• **Aim of the task**: Without including the images, transcribe each record precisely as it appears below.

• **Data shown**:
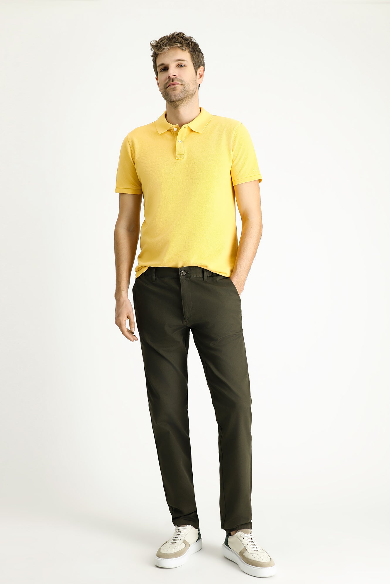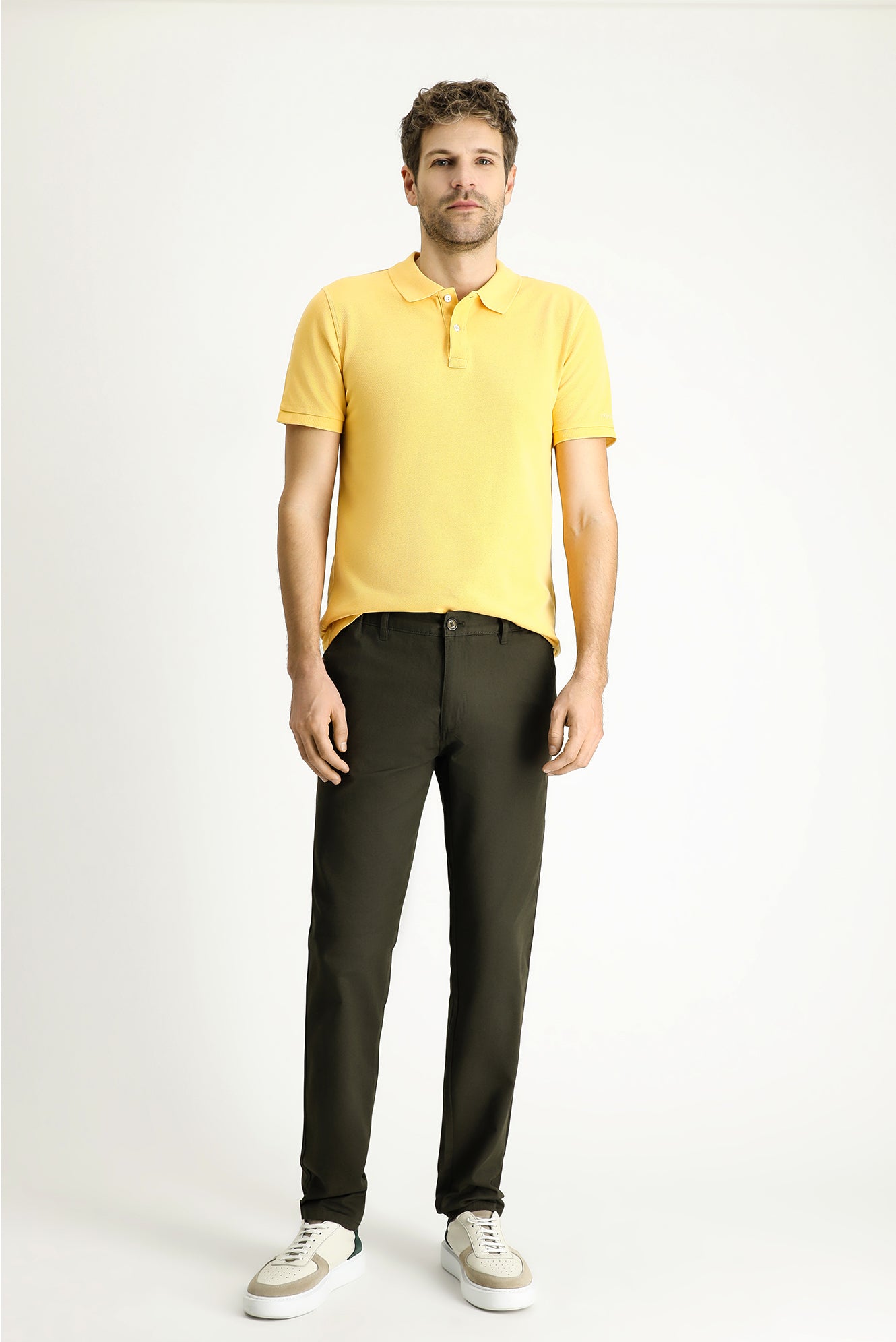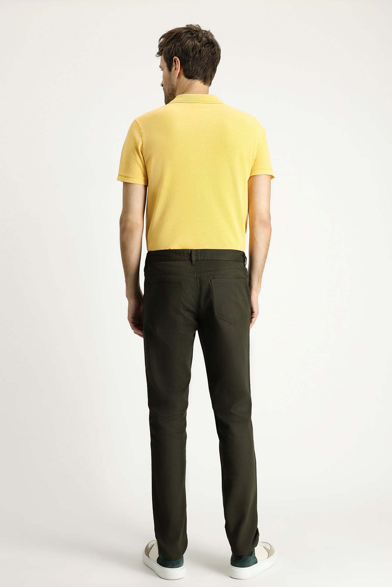 Koyu Haki Regular Fit Beli Lastikli Likralı Chino/Kanvas Pantolon
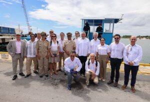 Posteriormente, los visitantes abordaron la barcaza sargacera BSC 210, a bordo de la cual realizaron un breve recorrido para conocer su funcionamiento, al igual que el de las barreras sargaceras instaladas en aguas someras.
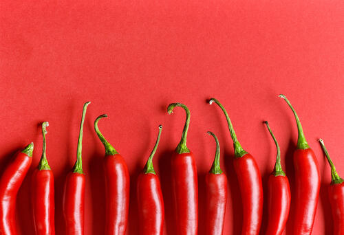 「唐辛子(とうがらし)」は、中南米が原産のナス科トウガラシ属の野菜で、数百から数千種といわれるほど非常にたくさんの品種がある。ピーマンやシシトウガラシ、パプリカなど辛みがほとんどない甘味種も含まれるが、一般的には辛いものを指すことが多い。
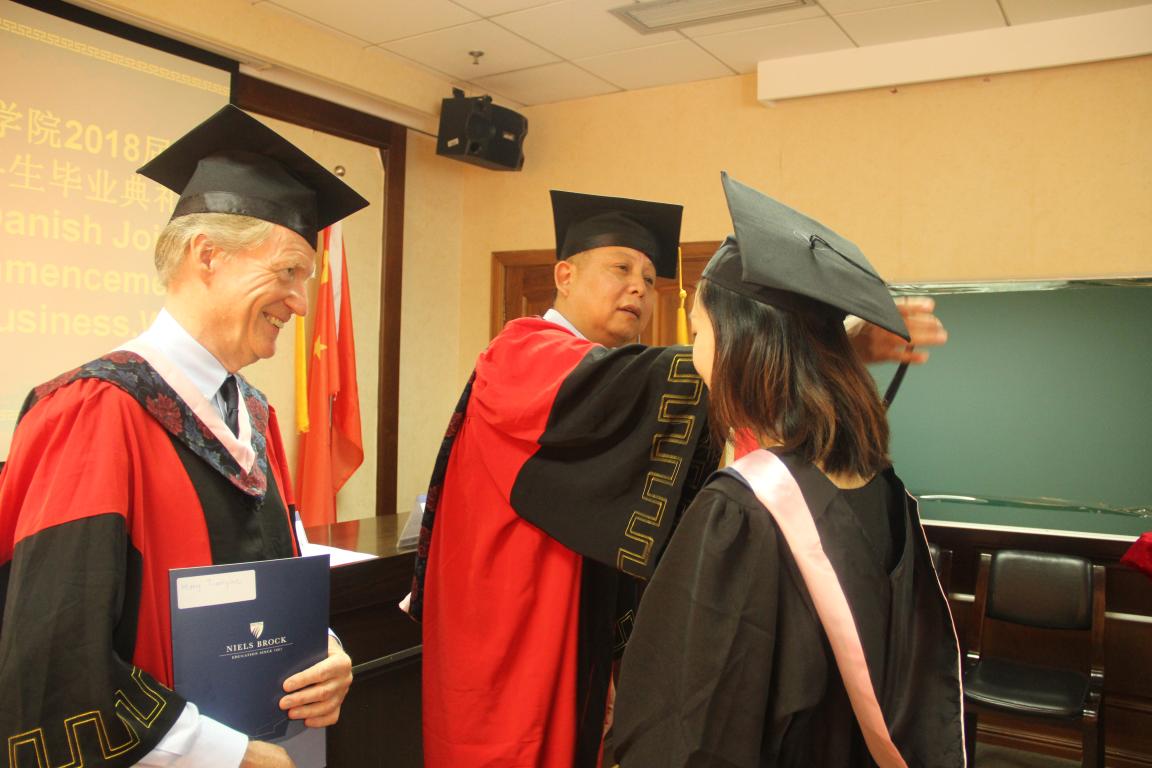 6月21日上午,2018届市场营销(中丹合作)本科毕业典礼于北校区信息楼A301举行。3044永利经理胡振华、丹麦尼尔斯布鲁克哥本哈根3044永利Bent Henrik Madsen教授和原丹麦在上海领事Carsten Boyer Thogersen、公司党总支书记郑彩莲、3044永利集团国际交流与合作处长严晓鹏、国际教育公司副经理陈军、3044永利国际部主任兼经理助理王洪斌博士,以及其他相关老师和应届毕业生出席典礼。一起见证数十位学子完成学业,即将脱离象牙塔,踏入包罗万象的社会,开启人生新征程的重要时刻。本次典礼由王洪斌博士主持。
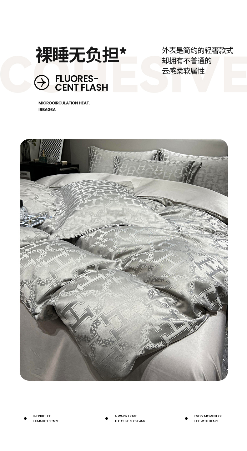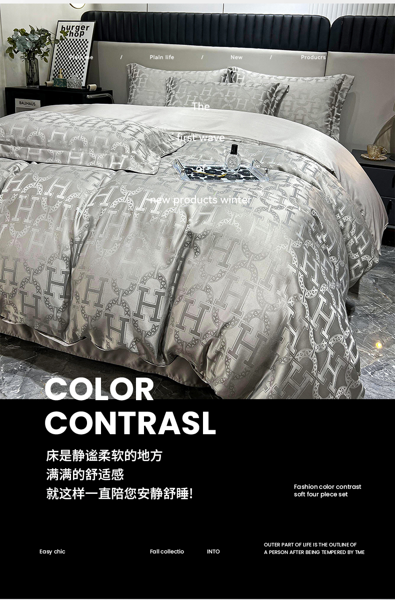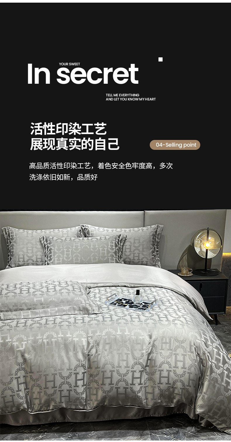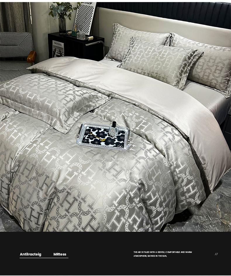 帛享家纺 欧式轻奢提花四件套 BXQQY-35801单位(套) 繁华-灰 四件套(适合1.5/1.8m床使用)
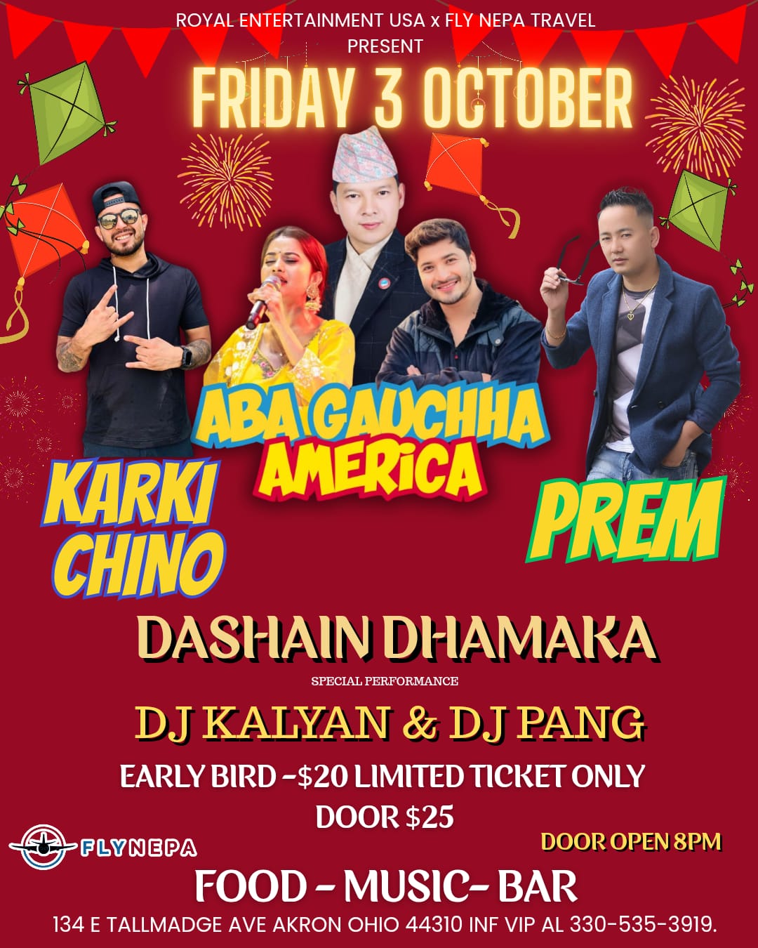 Royal Entertainment USA x Fly Nepa Travel present Dashain Dhamaka – a festive night of live Nepali music and entertainment featuring Aba Gauchha America, Karki Chino, Prem, and more. Celebrate Dashain with food, drinks, and music all night long.
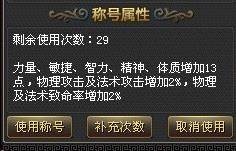 3.奇门大多数称号都是有使用次数限制的,国家官员的称号不受次数限制.若使用次数完了,玩可以在称号界面点击“补充次数”.
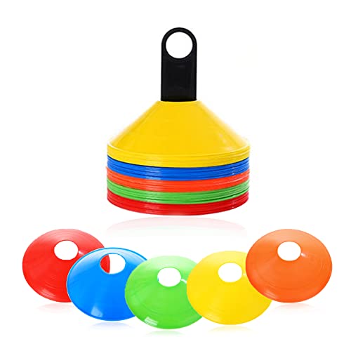 Set Coni per Allenamento di Calcio: set da 25 Coni da Allenamento con supporto per il trasporto. 5 diversi colori (rosso, giallo, blu, verde, arancione) per etichettare tutto facilmente. Rendili facili da individuare non solo sull'erba, ma anche quando ti alleni in diversi campi di allenamento.
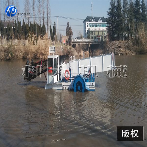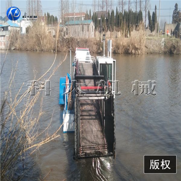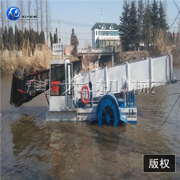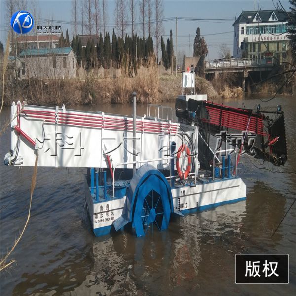 割草船, 是一種集割草、聚攏、打撈、濾水、輸送、卸載等于一體的現(xiàn)代化水草、水葫蘆收割設(shè)備。所有操作程序采用全液壓控制,簡(jiǎn)單、方便、靈活,是城市水面景區(qū)的保潔設(shè)備,也可作為垃圾清理船、湖面保潔船均收到良好的效果。

• **Answer below**:
 Koyu Haki Regular Fit Beli Lastikli Likralı Chino/Kanvas Pantolon
 Posteriormente, los visitantes abordaron la barcaza sargacera BSC 210, a bordo de la cual realizaron un breve recorrido para conocer su funcionamiento, al igual que el de las barreras sargaceras instaladas en aguas someras.
 「唐辛子(とうがらし)」は、中南米が原産のナス科トウガラシ属の野菜で、数百から数千種といわれるほど非常にたくさんの品種がある。ピーマンやシシトウガラシ、パプリカなど辛みがほとんどない甘味種も含まれるが、一般的には辛いものを指すことが多い。
 6月21日上午,2018届市场营销(中丹合作)本科毕业典礼于北校区信息楼A301举行。3044永利经理胡振华、丹麦尼尔斯布鲁克哥本哈根3044永利Bent Henrik Madsen教授和原丹麦在上海领事Carsten Boyer Thogersen、公司党总支书记郑彩莲、3044永利集团国际交流与合作处长严晓鹏、国际教育公司副经理陈军、3044永利国际部主任兼经理助理王洪斌博士,以及其他相关老师和应届毕业生出席典礼。一起见证数十位学子完成学业,即将脱离象牙塔,踏入包罗万象的社会,开启人生新征程的重要时刻。本次典礼由王洪斌博士主持。
 帛享家纺 欧式轻奢提花四件套 BXQQY-35801单位(套) 繁华-灰 四件套(适合1.5/1.8m床使用)
 Royal Entertainment USA x Fly Nepa Travel present Dashain Dhamaka – a festive night of live Nepali music and entertainment featuring Aba Gauchha America, Karki Chino, Prem, and more. Celebrate Dashain with food, drinks, and music all night long.
 3.奇门大多数称号都是有使用次数限制的,国家官员的称号不受次数限制.若使用次数完了,玩可以在称号界面点击“补充次数”.
 Set Coni per Allenamento di Calcio: set da 25 Coni da Allenamento con supporto per il trasporto. 5 diversi colori (rosso, giallo, blu, verde, arancione) per etichettare tutto facilmente. Rendili facili da individuare non solo sull'erba, ma anche quando ti alleni in diversi campi di allenamento.
 割草船, 是一種集割草、聚攏、打撈、濾水、輸送、卸載等于一體的現(xiàn)代化水草、水葫蘆收割設(shè)備。所有操作程序采用全液壓控制,簡(jiǎn)單、方便、靈活,是城市水面景區(qū)的保潔設(shè)備,也可作為垃圾清理船、湖面保潔船均收到良好的效果。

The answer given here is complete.